His earlier life is covered, with particular attention to his brief tenure as vice president. He served as an artillery captain in World War I. Before going to France, he and Eddie Jacobson, “a fine Jewish boy,” organized their battery’s canteen, or supply shop. They did a booming business, which gave him the opportunity to test for the captaincy. In France, he took charge of Battery D of the 129th Field Artillery, the most incorrigible unit in the service. Other commanders had failed to bring the men into line. Harry let them know he was the boss and never had trouble with them.
After the war, in November of 1919, he and Eddie opened a haberdashery. Then a recession hit. By the spring of 1922, they were out of business. It took Harry years to pay off his debts.
Harry had served in the war with Jim Pendergast.
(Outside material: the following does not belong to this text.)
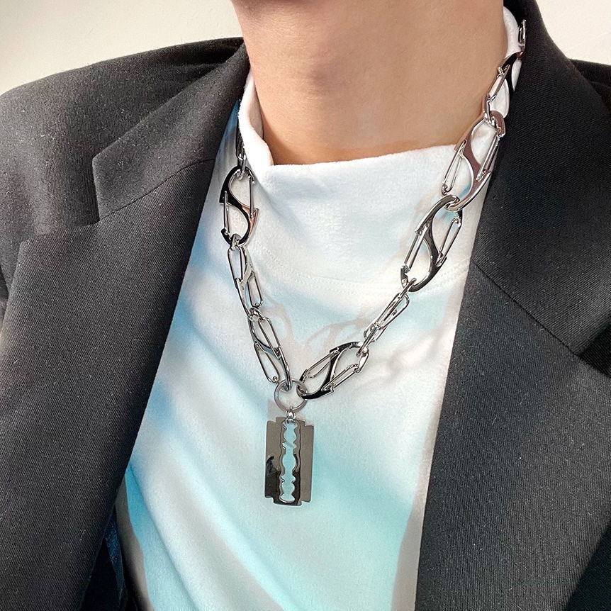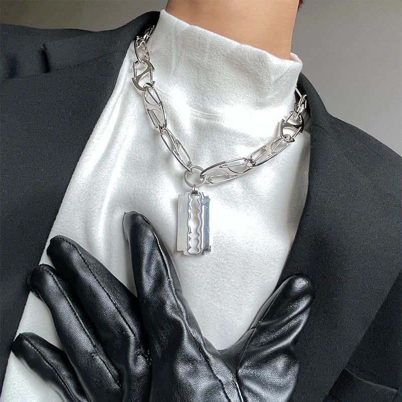 National Necklace European And American Hip-hop Men And Women Accessories Couple Blade Razor Titanium Steel Pendant Necklace Personality Cool

Jim’s father, Mike, and uncle, Tom, ran the Kansas City Democratic political machine, and Mike suggested Harry run for county judge. Harry did, and won. The county judges controlled the salaries of municipal employees, and typically got kickbacks, but not Harry. Honesty was the major plank of his platform.
When the Pendergasts suggested he run for senator, he agreed. The Pendergast machine got him elected, and many senators refused to speak to “the Senator from Pendergast.” The boss did ask him to vote certain ways, which Harry did on inconsequential matters, but he always sided with FDR. “Back Roosevelt” had been his campaign slogan.
After Harry was nominated to be vice president in 1944, he realized when he met with the obviously ailing FDR that he would not remain the vice president for long. When he campaigned for Roosevelt’s fourth term, he said, “Ask yourself if you want a man with no experience to sit at the peace table with Churchill, Stalin, and Chiang Kai-shek.” Ironically, he would be that inexperienced man.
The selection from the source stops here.